## [Records shown]
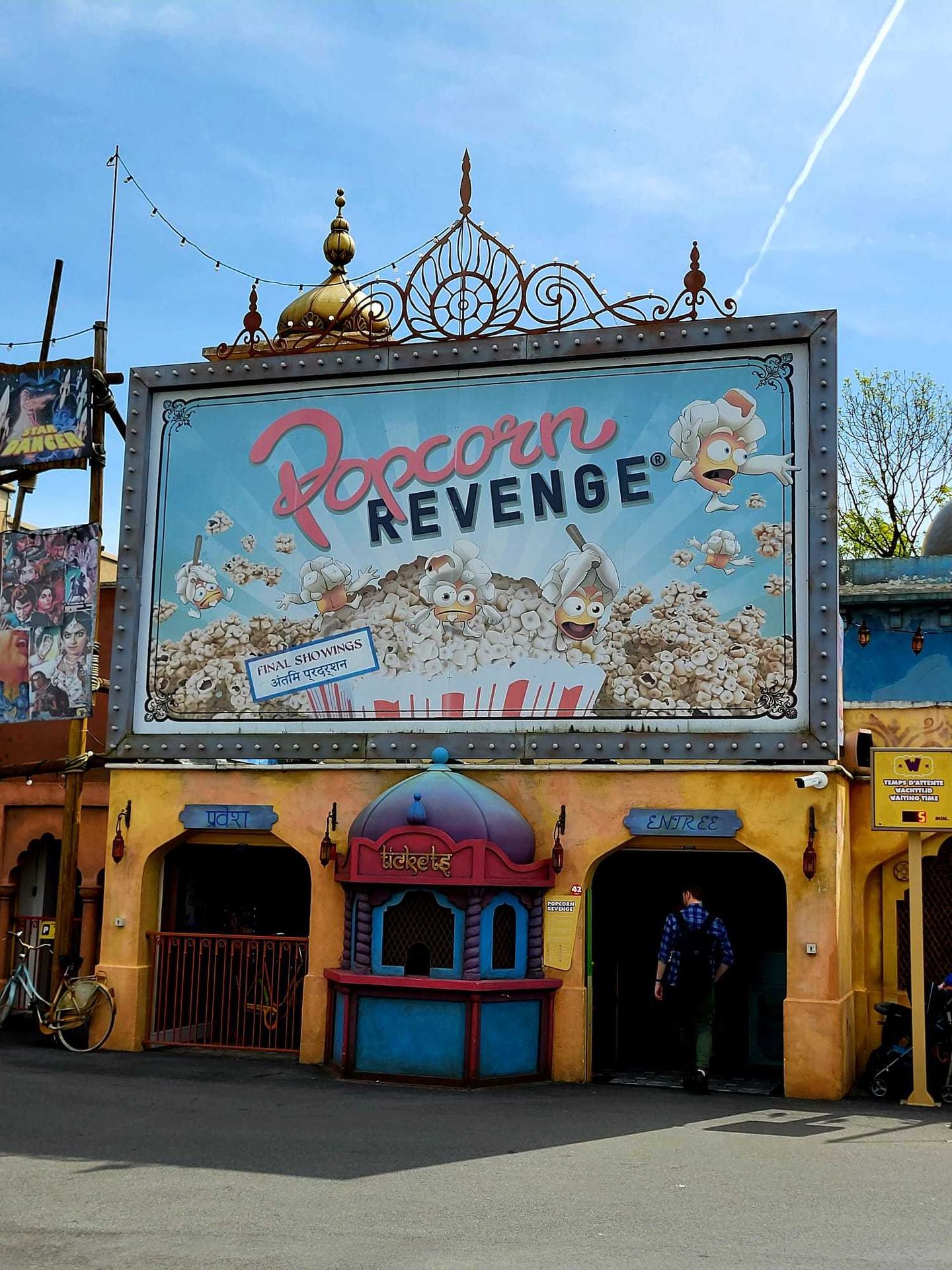 Zum guten Glück war hier durchgehen angesagt. Die gesamte Attraktion ist im Grunde als Bollywood-Kino gestaltet, mit zahlreichen Requisiten und Filmplakaten, deren Titel alle auf schrullige Weise Bezug auf den namensgebenden Puffmais nehmen.
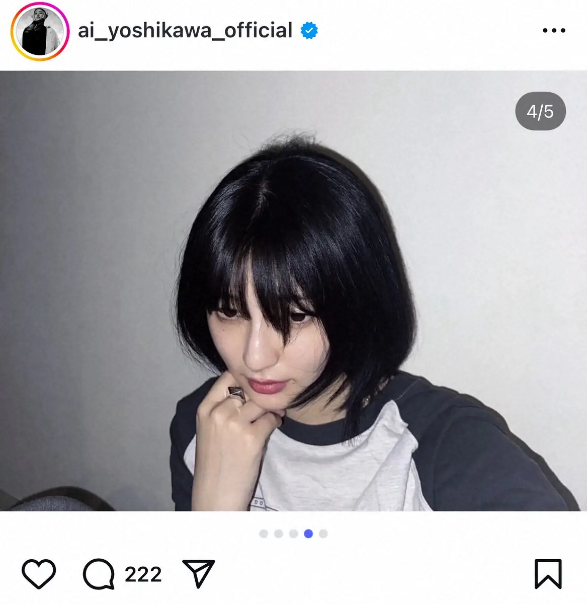 この日、吉川は「エクステ外してレイヤーいっぱい」とコメントを添え、これまで胸下まであった茶髪のロングヘアから一転、暗めカラーのボブスタイルに大胆イメージチェンジを遂げた姿を披露。
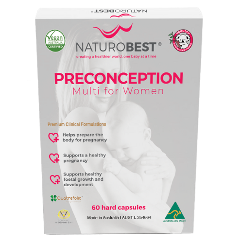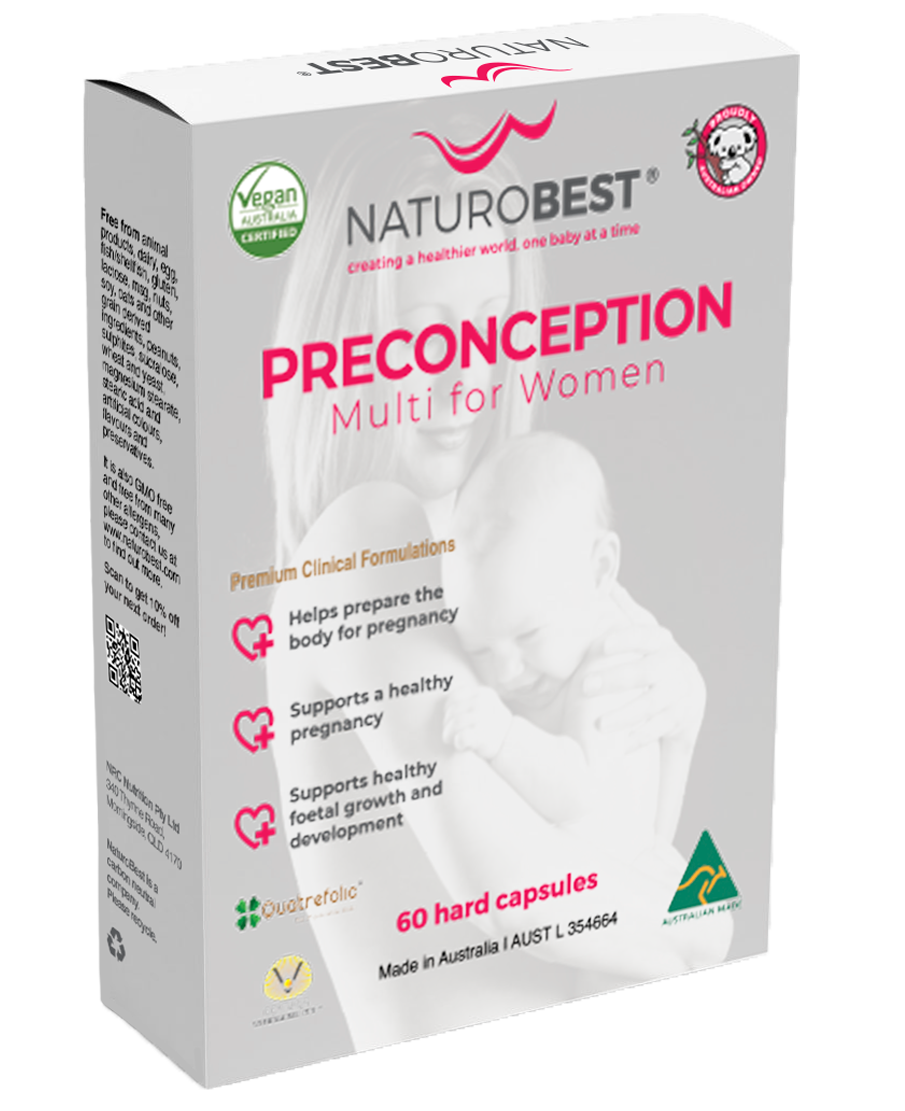 NaturoBest's product is Australia’s first preconception multi with Quatrefolic®, the 4th generation active folate and also folinic acid, ideal for those who have genetic difficulties with metabolising folic acid. Preconception Multi for Women also contains 24mg of elemental iron bisglycinate as the patented Ferrochel® in a daily dose.
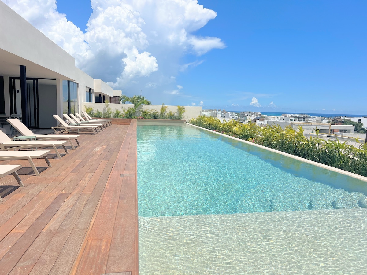 Ubicado a pocos pasos de la iconica Quinta Avenida pero sin estar afectado por el bullicioso de la zona, este hermoso apartamento es el lugar ideal para disfrutar la Riviera Maya. En tu estadía podrás tener acceso a la azotea del edificio con hermosa piscina, vistas al mar y a la isla de Cozumel. También tendrás acceso a la zona de coworking y gimnasio.
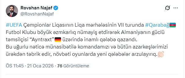 AFFA prezidenti Rövşən Nəcəf "Qarabağ" klubunu UEFA Çempionlar Liqasının əsas mərhələsinin VII turunda Almaniyanın "Ayntraxt" klubu üzərində 3:2 hesablı qələbə qazanması münasibətilə təbrik edib.
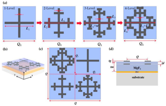 In the bottom layer, the size and arrangement of the cross shape embedded in the MgF2 dielectric layer are consistent with the first layer, as shown in Figure 1b. After repeated experiments, in order to obtain the best performance, the embedded graphene cross fractal is placed below the top layer (MgF2 dielectric layer/air interface) at a distance of td = 12 μm, that is, the distance from the ground is 33 μm in Figure 1d. The Fermi energy of the bottom layer is the same as that of the top layer, which is 1 eV. There are two reasons for the same size, arrangement and size of the two layers: first, the top layer has the best absorption rate, and the bottom layer is still the best absorption after being embedded in the dielectric layer when the Fermi energy is 1 eV; second, the same size can reduce the complexity of manufacturing and simulation and reduce process difficulties. Because it is arranged periodically, no matter where the fractal is placed, it has no great effect. Considering the complexity of the three-level and four-level fractal design, it is placed in a diagonal position, that is, a clockwise four-one-three-two level fractal arrangement, as shown in Figure 1c. Since graphene is transparent, in order to obtain a high absorption rate based on the mutual effect of adjacent cells, we optimized the structure to obtain a period of Q1 = 50 μm. The supercell period Q = 100 μm, and the graphene thickness is tg = 0.5 nm.
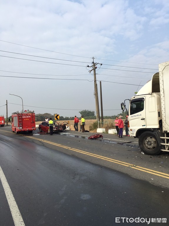 ▲台南市白河區下秀祐道路,發生一起死亡車禍,2部車輛發生對撞,其中1名吳姓駕駛人受困變形駕駛座上,救出時無呼吸心跳,經送醫急救仍傷重不治身亡。(圖/記者林悅翻攝)
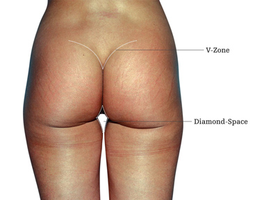Der innere Rand des großen Gesäßmuskels zieht nach unten und dann bogenförmig nach außen, und formt so die Gesäßfalte. Idealerweise teilt sich die Gesäßfalte bei 2/3 der Länge, zieht in 45° nach unten zum Oberschenkel und bildet gemeinsam mit der gegenüberliegenden Falte eine Raute, die in der Literatur als Diamond-Space bezeichnet wird.
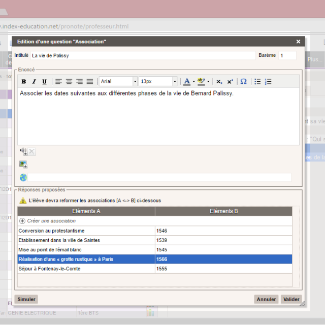 « Associer les dates suivantes aux différentes phases de la vie de Bernard Palissy. »
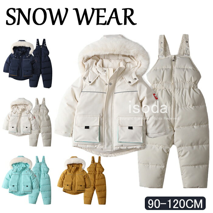 スキーウェア スノーウエア キッズ 上下セット ベビー ジャンプスーツ ダウンアウター カバーオール つなぎ オールインワン サロペット スノーボード ジュニア 男の子 女の子 冬 無地 キッズ 雪遊び スキー 防風 撥水 暖かい 中綿 裏起毛 ジャケット パンツ
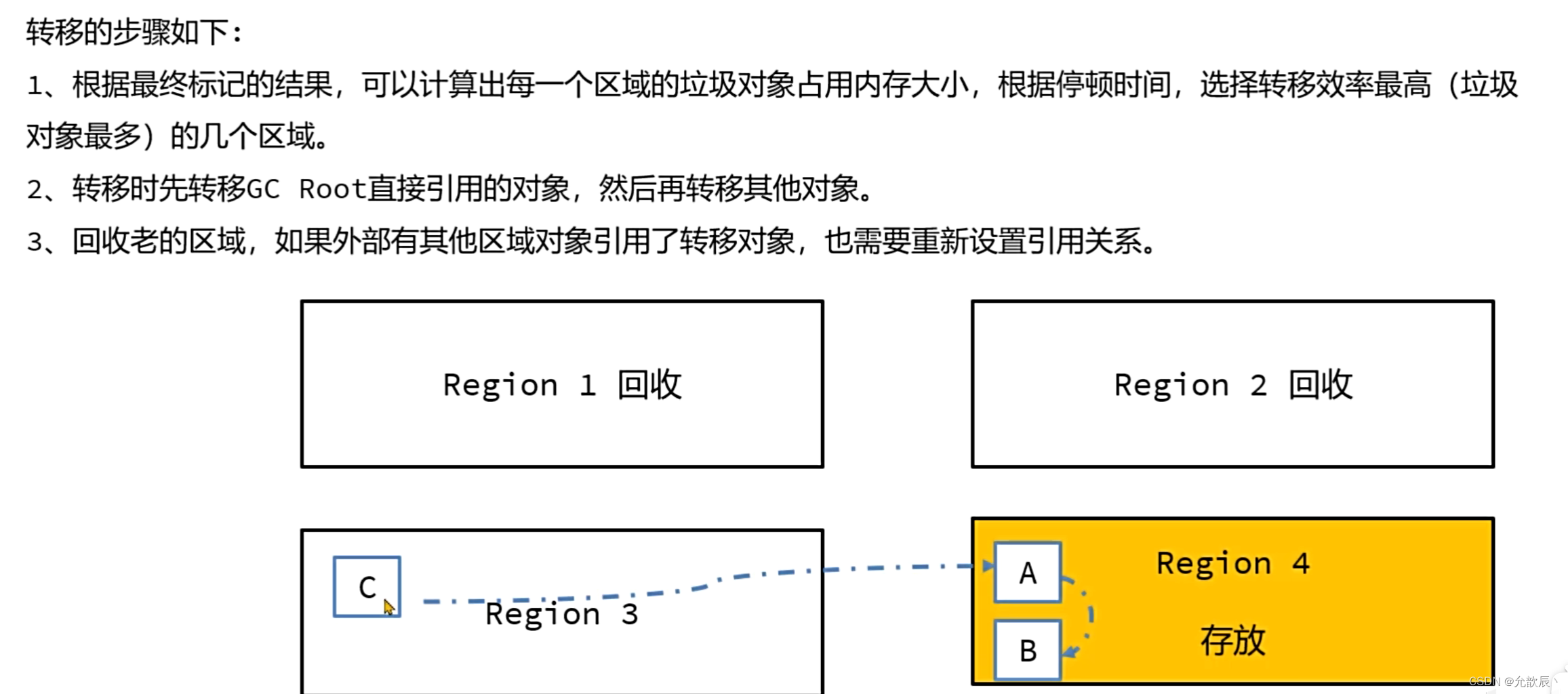 - 筛选回收:负责更新Region的统计数据,对各个Region的回收价值和成本进行排序,根据用户所期望的停顿时间来制定回收计划,可以自由选择任意多个Region构成回收集,然后把决定回收的那一部分Region的存活对象复制到空的Region中,再清理掉整个旧Region的全部空间。这里的操作涉及存活对象的移动,是必须暂停用户线程,由多个收集器线程并行完成的。
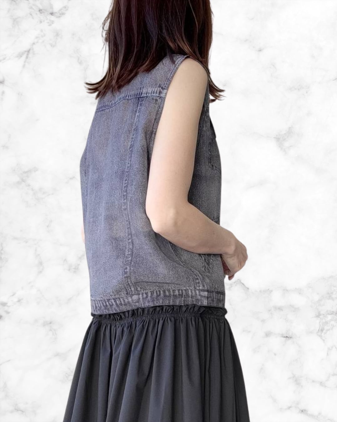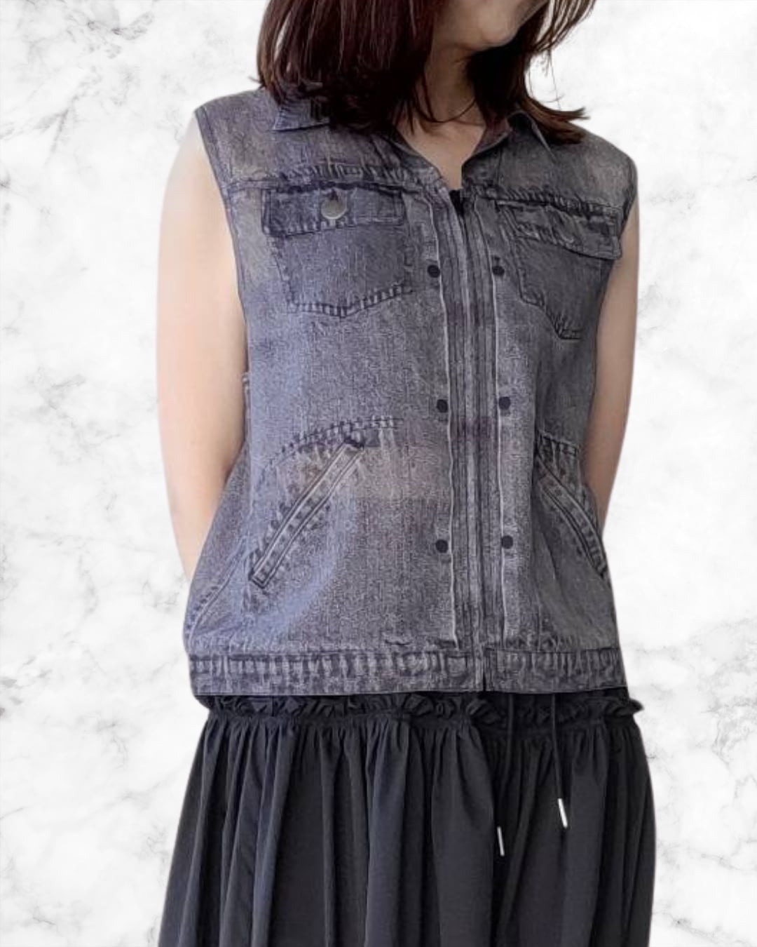 デニム転写シフォンベスト 601463 CYAN TOKYO シアントーキョー 2026年4月下旬入荷予定 1月展示会

## [What you need to do]
Begin at the top of the material above and output each line exactly, stopping after the line that holds "AFFA prezidenti Rövşən". Leave out pictures.

## [Result for this exercise]
 Zum guten Glück war hier durchgehen angesagt. Die gesamte Attraktion ist im Grunde als Bollywood-Kino gestaltet, mit zahlreichen Requisiten und Filmplakaten, deren Titel alle auf schrullige Weise Bezug auf den namensgebenden Puffmais nehmen.
 この日、吉川は「エクステ外してレイヤーいっぱい」とコメントを添え、これまで胸下まであった茶髪のロングヘアから一転、暗めカラーのボブスタイルに大胆イメージチェンジを遂げた姿を披露。
 NaturoBest's product is Australia’s first preconception multi with Quatrefolic®, the 4th generation active folate and also folinic acid, ideal for those who have genetic difficulties with metabolising folic acid. Preconception Multi for Women also contains 24mg of elemental iron bisglycinate as the patented Ferrochel® in a daily dose.
 Ubicado a pocos pasos de la iconica Quinta Avenida pero sin estar afectado por el bullicioso de la zona, este hermoso apartamento es el lugar ideal para disfrutar la Riviera Maya. En tu estadía podrás tener acceso a la azotea del edificio con hermosa piscina, vistas al mar y a la isla de Cozumel. También tendrás acceso a la zona de coworking y gimnasio.
 AFFA prezidenti Rövşən Nəcəf "Qarabağ" klubunu UEFA Çempionlar Liqasının əsas mərhələsinin VII turunda Almaniyanın "Ayntraxt" klubu üzərində 3:2 hesablı qələbə qazanması münasibətilə təbrik edib.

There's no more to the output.